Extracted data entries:

Content starts

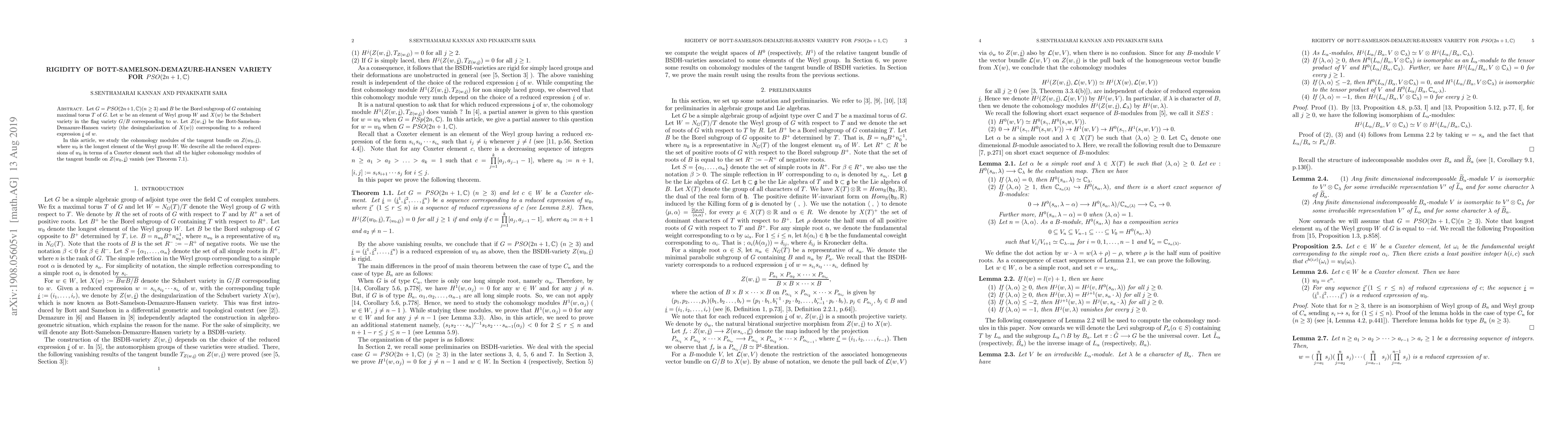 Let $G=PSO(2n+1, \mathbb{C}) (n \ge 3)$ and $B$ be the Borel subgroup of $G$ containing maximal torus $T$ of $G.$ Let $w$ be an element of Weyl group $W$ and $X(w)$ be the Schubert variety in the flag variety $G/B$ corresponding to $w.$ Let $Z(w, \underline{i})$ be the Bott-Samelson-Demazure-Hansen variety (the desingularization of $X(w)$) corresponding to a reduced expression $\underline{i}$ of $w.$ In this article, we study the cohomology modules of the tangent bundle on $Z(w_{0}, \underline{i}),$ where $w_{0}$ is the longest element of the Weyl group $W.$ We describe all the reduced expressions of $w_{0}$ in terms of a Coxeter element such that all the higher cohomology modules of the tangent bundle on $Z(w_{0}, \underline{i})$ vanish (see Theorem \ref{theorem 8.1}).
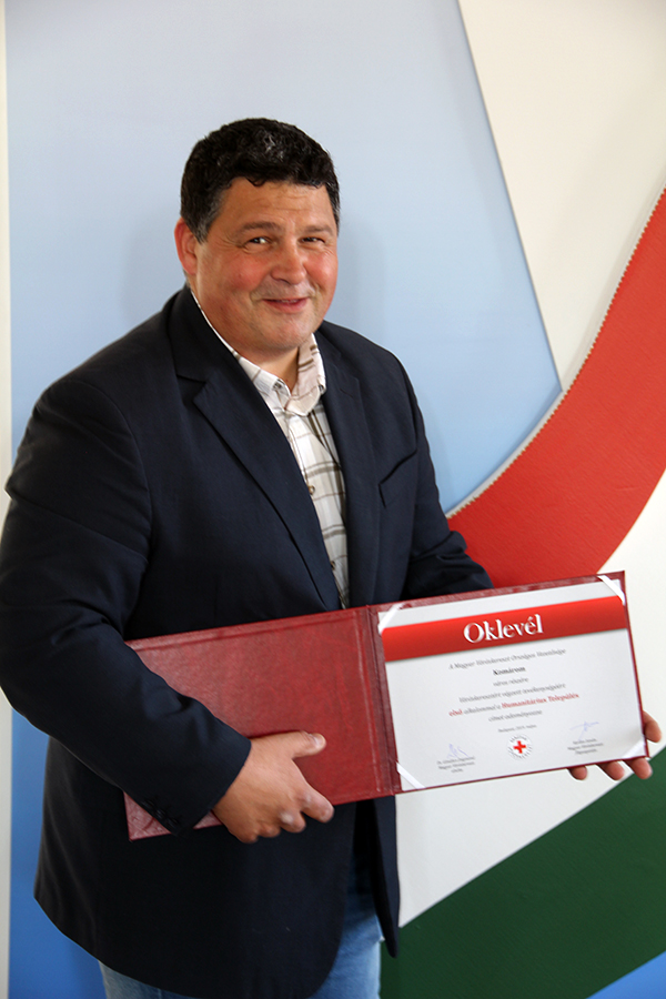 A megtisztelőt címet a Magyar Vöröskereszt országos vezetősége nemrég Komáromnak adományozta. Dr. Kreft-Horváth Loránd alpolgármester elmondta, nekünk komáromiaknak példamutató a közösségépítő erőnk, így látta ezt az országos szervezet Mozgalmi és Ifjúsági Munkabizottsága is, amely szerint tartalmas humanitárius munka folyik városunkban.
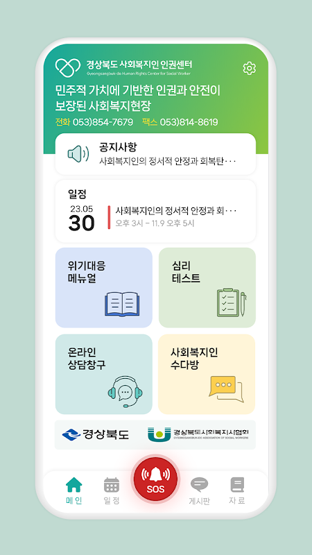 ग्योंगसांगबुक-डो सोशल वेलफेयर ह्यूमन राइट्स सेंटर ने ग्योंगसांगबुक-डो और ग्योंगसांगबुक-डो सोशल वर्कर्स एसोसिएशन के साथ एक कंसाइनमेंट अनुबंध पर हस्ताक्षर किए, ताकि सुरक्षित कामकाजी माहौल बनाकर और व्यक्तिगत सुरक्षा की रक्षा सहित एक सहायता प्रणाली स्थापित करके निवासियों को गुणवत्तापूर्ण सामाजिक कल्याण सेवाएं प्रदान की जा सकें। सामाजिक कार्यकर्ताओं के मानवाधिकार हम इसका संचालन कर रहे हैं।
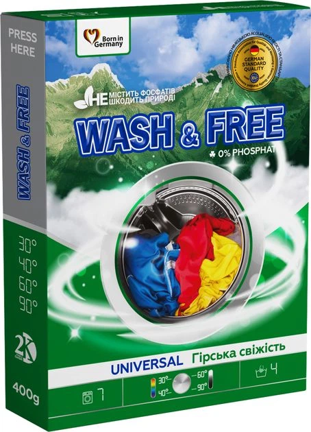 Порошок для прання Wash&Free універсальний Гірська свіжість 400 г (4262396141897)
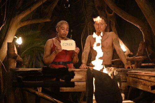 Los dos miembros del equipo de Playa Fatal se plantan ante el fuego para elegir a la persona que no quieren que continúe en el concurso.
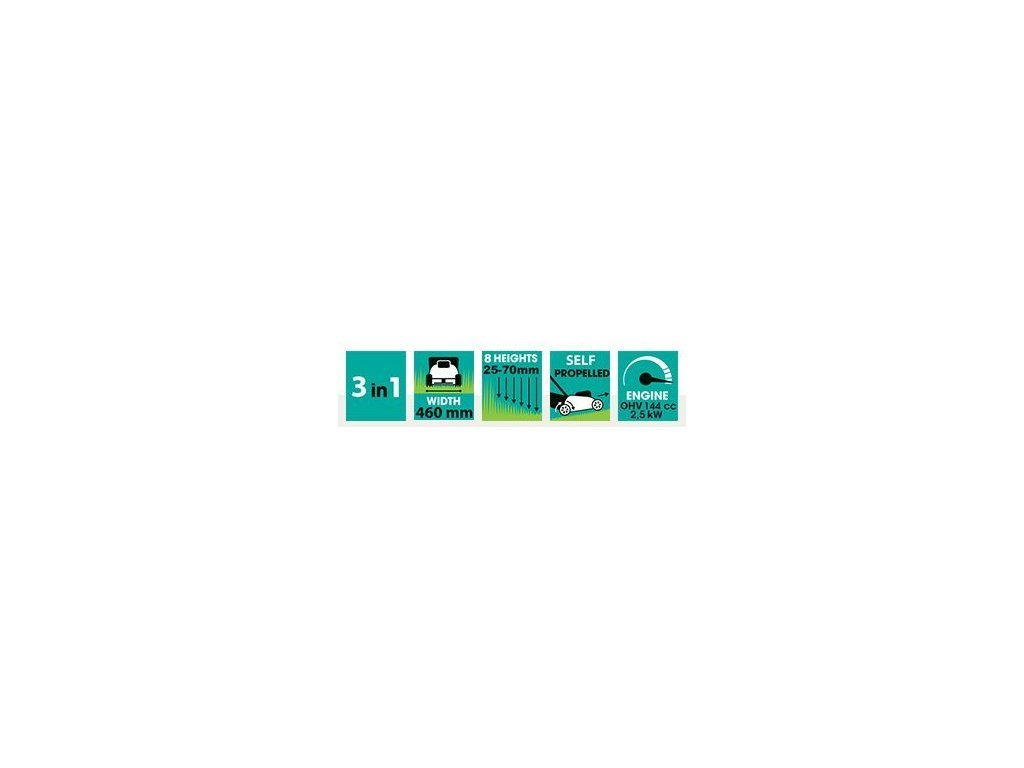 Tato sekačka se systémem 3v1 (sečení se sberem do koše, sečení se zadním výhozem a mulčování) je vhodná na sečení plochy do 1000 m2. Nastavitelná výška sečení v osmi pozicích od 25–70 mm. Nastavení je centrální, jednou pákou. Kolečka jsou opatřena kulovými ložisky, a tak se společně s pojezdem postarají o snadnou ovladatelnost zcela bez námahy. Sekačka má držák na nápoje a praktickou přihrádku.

Content ends

**WORK REQUIRED:** Each entry, word for word, belongs in your answer; each picture does not.

**YOUR SOLUTION:**
 Let $G=PSO(2n+1, \mathbb{C}) (n \ge 3)$ and $B$ be the Borel subgroup of $G$ containing maximal torus $T$ of $G.$ Let $w$ be an element of Weyl group $W$ and $X(w)$ be the Schubert variety in the flag variety $G/B$ corresponding to $w.$ Let $Z(w, \underline{i})$ be the Bott-Samelson-Demazure-Hansen variety (the desingularization of $X(w)$) corresponding to a reduced expression $\underline{i}$ of $w.$ In this article, we study the cohomology modules of the tangent bundle on $Z(w_{0}, \underline{i}),$ where $w_{0}$ is the longest element of the Weyl group $W.$ We describe all the reduced expressions of $w_{0}$ in terms of a Coxeter element such that all the higher cohomology modules of the tangent bundle on $Z(w_{0}, \underline{i})$ vanish (see Theorem \ref{theorem 8.1}).
 A megtisztelőt címet a Magyar Vöröskereszt országos vezetősége nemrég Komáromnak adományozta. Dr. Kreft-Horváth Loránd alpolgármester elmondta, nekünk komáromiaknak példamutató a közösségépítő erőnk, így látta ezt az országos szervezet Mozgalmi és Ifjúsági Munkabizottsága is, amely szerint tartalmas humanitárius munka folyik városunkban.
 ग्योंगसांगबुक-डो सोशल वेलफेयर ह्यूमन राइट्स सेंटर ने ग्योंगसांगबुक-डो और ग्योंगसांगबुक-डो सोशल वर्कर्स एसोसिएशन के साथ एक कंसाइनमेंट अनुबंध पर हस्ताक्षर किए, ताकि सुरक्षित कामकाजी माहौल बनाकर और व्यक्तिगत सुरक्षा की रक्षा सहित एक सहायता प्रणाली स्थापित करके निवासियों को गुणवत्तापूर्ण सामाजिक कल्याण सेवाएं प्रदान की जा सकें। सामाजिक कार्यकर्ताओं के मानवाधिकार हम इसका संचालन कर रहे हैं।
 Порошок для прання Wash&Free універсальний Гірська свіжість 400 г (4262396141897)
 Los dos miembros del equipo de Playa Fatal se plantan ante el fuego para elegir a la persona que no quieren que continúe en el concurso.
 Tato sekačka se systémem 3v1 (sečení se sberem do koše, sečení se zadním výhozem a mulčování) je vhodná na sečení plochy do 1000 m2. Nastavitelná výška sečení v osmi pozicích od 25–70 mm. Nastavení je centrální, jednou pákou. Kolečka jsou opatřena kulovými ložisky, a tak se společně s pojezdem postarají o snadnou ovladatelnost zcela bez námahy. Sekačka má držák na nápoje a praktickou přihrádku.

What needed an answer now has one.